> **Work to be completed**
From the entries below, output the line with "18609 - أخبرنا" and each following line up to and including the line with "- Giả Song Bột", exactly as written.

> **Task material**

□ □ □ □ □ □ □

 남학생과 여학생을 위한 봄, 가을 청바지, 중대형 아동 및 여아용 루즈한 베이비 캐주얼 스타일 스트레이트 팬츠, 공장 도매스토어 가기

□ □ □ □ □ □ □

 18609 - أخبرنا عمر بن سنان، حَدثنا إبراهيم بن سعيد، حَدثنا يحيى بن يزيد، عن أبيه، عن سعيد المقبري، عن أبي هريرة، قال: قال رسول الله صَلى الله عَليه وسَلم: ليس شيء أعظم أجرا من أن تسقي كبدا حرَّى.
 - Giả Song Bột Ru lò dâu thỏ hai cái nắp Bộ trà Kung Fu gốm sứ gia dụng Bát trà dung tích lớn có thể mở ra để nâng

□ □ □ □ □ □ □

> **Output of the exercise**
 18609 - أخبرنا عمر بن سنان، حَدثنا إبراهيم بن سعيد، حَدثنا يحيى بن يزيد، عن أبيه، عن سعيد المقبري، عن أبي هريرة، قال: قال رسول الله صَلى الله عَليه وسَلم: ليس شيء أعظم أجرا من أن تسقي كبدا حرَّى.
 - Giả Song Bột Ru lò dâu thỏ hai cái nắp Bộ trà Kung Fu gốm sứ gia dụng Bát trà dung tích lớn có thể mở ra để nâng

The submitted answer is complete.